Polished Aluminium Frame

gt-arrowhead
gt-arrowhead Posts: 2,507
edited October 2013 in MTB general
Slowly but surely getting my Arrowhead back together, collecting the wheelset this weekend so im looking to get cracking with the frame.

Basically, im a lazy bastad and i never bothered to sand the bike down to bare metal each time ive sprayed it. Ive just throughly sanded the paint on the outside before applying my primer, so what ive got on the frame is this

Factory paint + primer
black + primer
blue + primer

Thats quite thick, so ive gotta strip all that off...and thats gonna take forever.

Ive decided i dont want paint anymore, my plan is to strip it down to bare aluminium and and polish it up to look like a "chrome" sort of effect, then i am thinking to give it a coat of primer to stop it from oxidizing and becoming faded.

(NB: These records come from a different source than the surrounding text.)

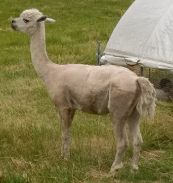 Bart has blue eyes and is a white alpaca. These two characteristics in alpacas are often related to another gene - Bart is deaf. This is probably the reason he was fighting with the other alpacas. Another shearer attempted to shear this alpaca last year but without a table, it was impossible.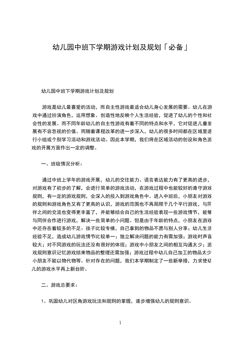 幼儿园中班下学期游戏计划及规划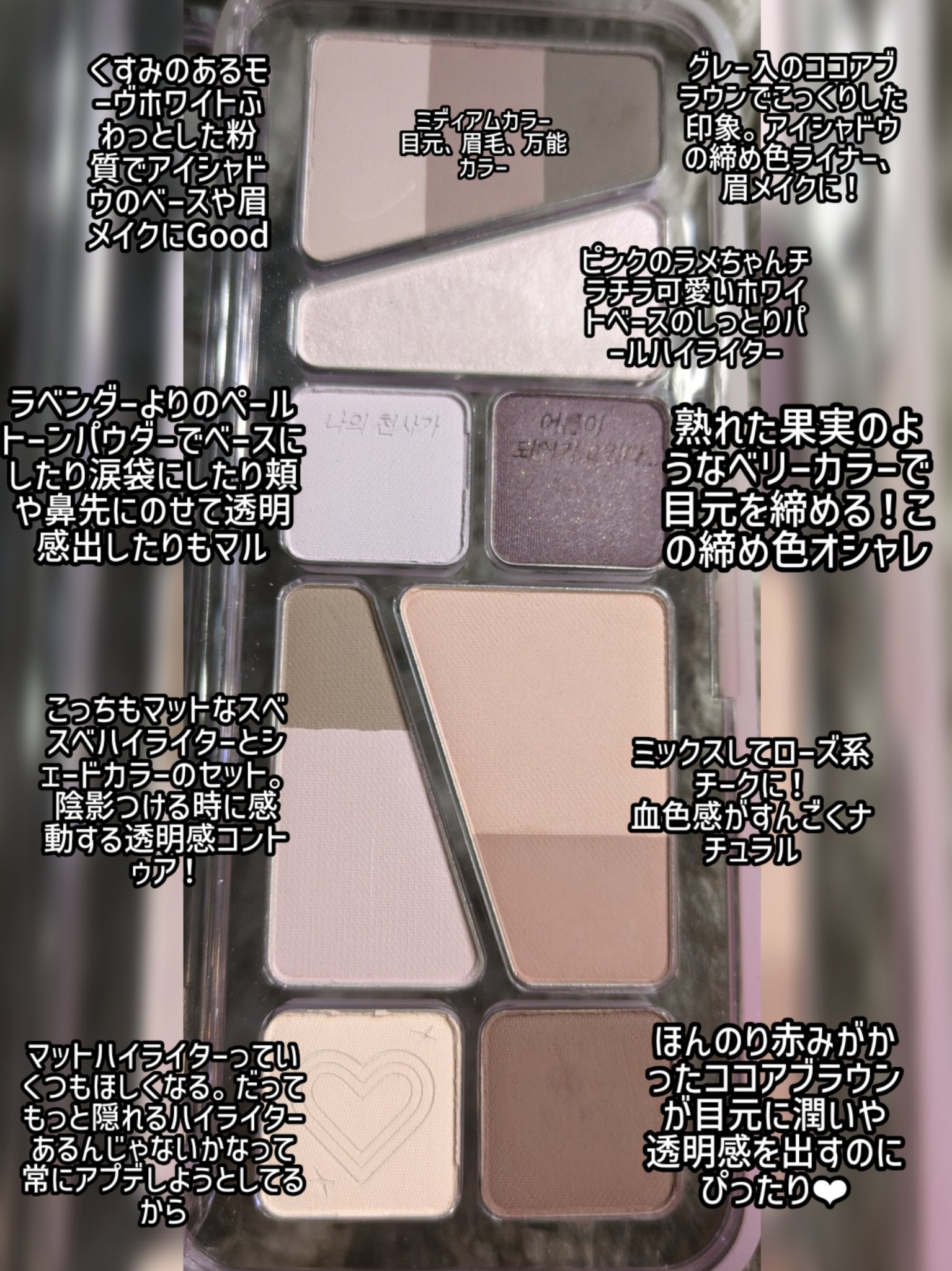 - 軽やかテクスチャーが目元に密着し、抜け感のある色使いが楽しめるデイリーパレット <101 ローズダイアリー(ROSE DIARY)> オーナメントを飾り付けたローズツリーのようにほのかに輝くウォームローズピンクカラー(イエベ秋)。 <102 ミュートアーカイブ(MUTE ARCHIVE)> 少女たちのピンキーなホームパーティームードを盛り込んだクールでヌーディーなミューテッドモブカラー(ブルべ夏ミュート)。 <103 バニラヘイズ(VANILLA HAZE)> 焼きたてのジンジャークッキーのように暖かく香ばしいウォームミュートカラー(イエベ秋ミュート)。 <104 GHR ピンク(GYEONGHOERU FLOWER FESTIVAL)> 春の日の美しく優雅な色を詰め込んだピンクカラーパレット。イエベ春&ブルベ夏におすすめのパレットです。 <105 DSG バイオレット(DEOKSUGUNG STONE WALL ROAD)> ほんのりピンクがかった柔らかなモーブカラーパレット。ブルベ夏&ブルベ冬におすすめのパレットです。 <106 DBG コーラル(GYEONGBOKGUNG STROLL)> 明るい日差しの色を取り入れたデイリーなコーラルカラー。イエベ春&ブライト秋におすすめのパレットです。
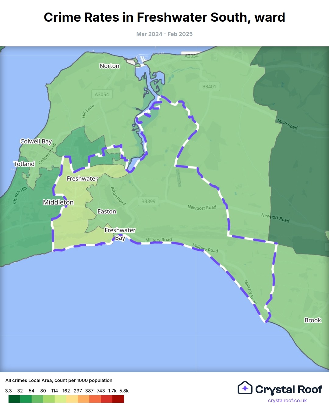 Freshwater South (ward) is located within Isle of Wight (borough). Annual total crime rate in Isle of Wight (borough) is 84.9 crimes per thousand resident population, which can be rated as 3 out of 10 or low crime level compared to other local authority districts in England and Wales.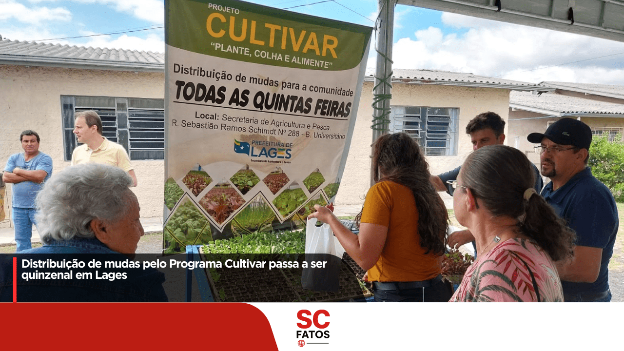A Prefeitura de Lages realiza nesta quinta-feira (19 de fevereiro de 2026), a partir das 14h, mais uma feira de distribuição gratuita de mudas de hortaliças pelo Programa Cultivar. A ação acontece no pátio da Secretaria Municipal de Agricultura, Pecuária e Pesca, na rua Sebastião Schimdt, 288, bairro Universitário.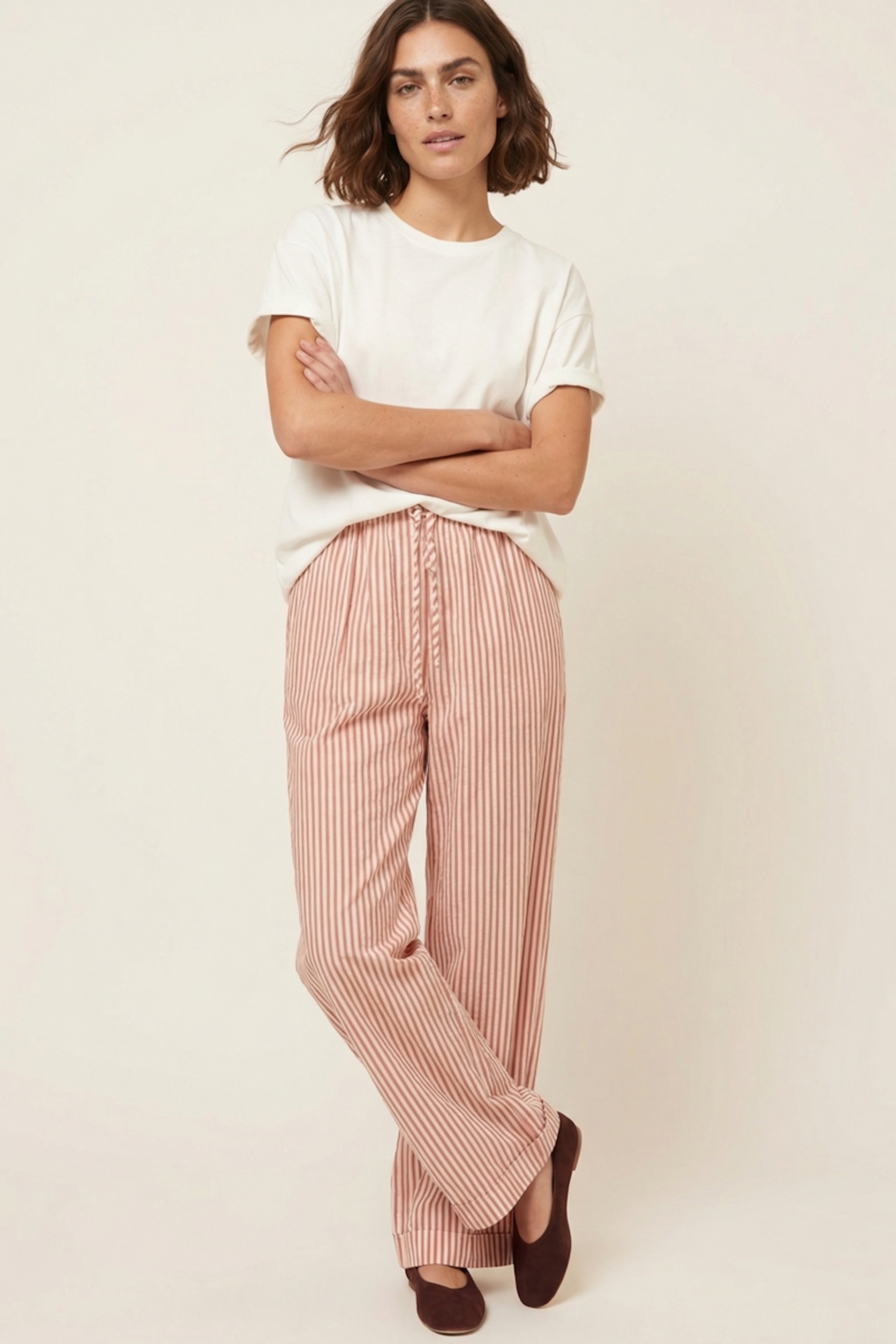 Ajoutez une touche bohème en associant ce pantalon fluide à un débardeur en lin et des sandales en cuir pour une journée d'été décontractée. • Pantalon à rayures • Coupe large et fluide • Taille élastique avec cordon • Longueur ample • Rayures verticales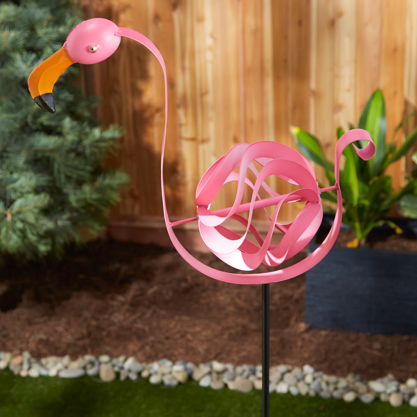 • Outdoor garden stake is activated by the wind and will playfully twirl this decorative yard art. Simply stick the stake into the soil and watch the wind create a gorgeous garden ornament!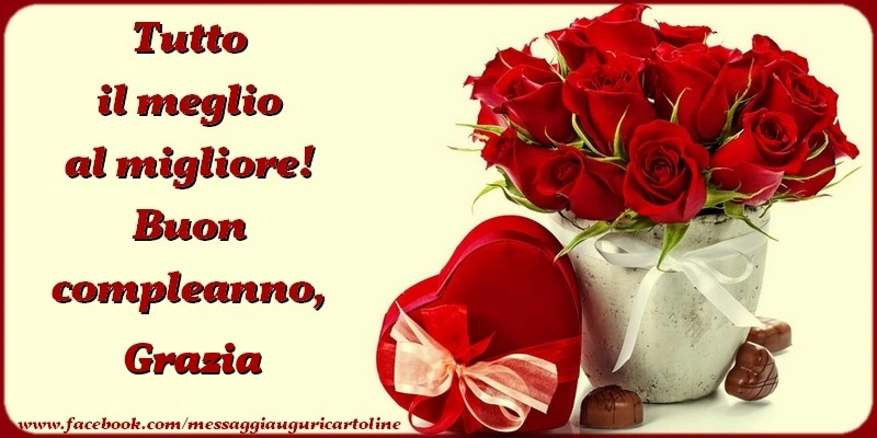 Con questa cartolina con rose e cuore, riuscirai a portare una gioia immensa al festeggiato nel giorno del suo compleanno. È un gesto piccolo, ma pieno d'affetto, che rimarrà per sempre nella sua memoria. Il nome Grazia è il fulcro di questo biglietto, inciso con eleganza e raffinatezza per far sentire davvero speciale il festeggiato nel giorno del suo compleanno. Questo biglietto di auguri di compleanno con il nome Grazia può essere scaricata gratis o inviare tramite Whatsapp, Facebook, Twitter, Pinterest. Immagine di buon compleanno con rose e cuore e dimensioni 800px x 400px.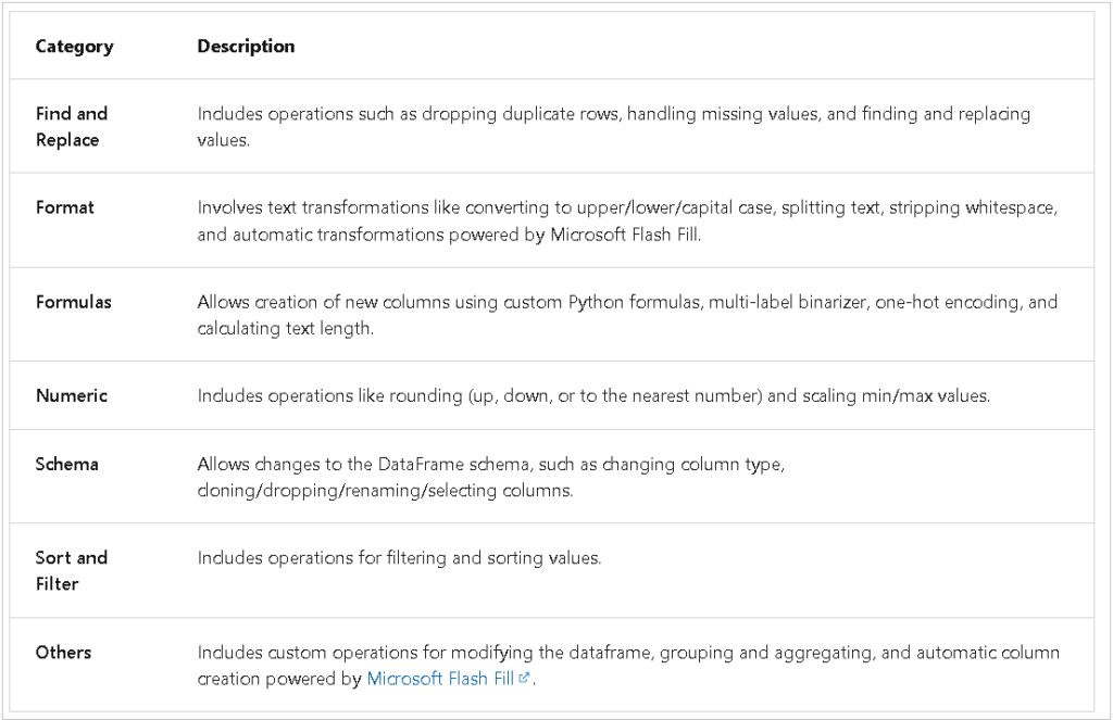 • Presently, these are the available categories of operators within Data Wrangler.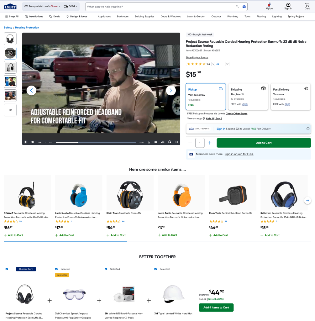 ①降噪耳机或耳塞:亚马逊“主打长途飞行的降噪耳机”,在Lowe’s也能被定义为“听力保护”。消费者在购物期间购买了割草机、吹叶机等重型工具,需要降噪耳机或耳塞来防止噪音伤害。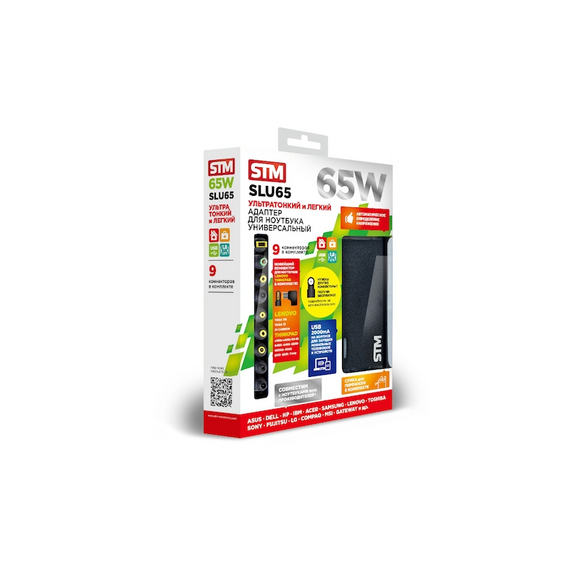Автомобильный универсальный адаптер для ноутбуков STM SLU65 на 65Ватт, Car adapter

I dont know too much about doing this, so what exactly do i need to achieve this polished mirrory sort of effect. I know it can be done because ive seen it on car wheels and stuff, and other bike parts like stems etc.

Apparently i need some sort of liquid and alot of elbow grease to polish it up to look how i want. So ive been told. Does anyone have any ideas or know how to do this? Ill be looking around the net in the mean time but it doesnt hurt to ask on here either, because last time i saw a thread about paint it was very informative as people on here seem to know alot about paint and finishes etc -cough- Kowalski -cough- :)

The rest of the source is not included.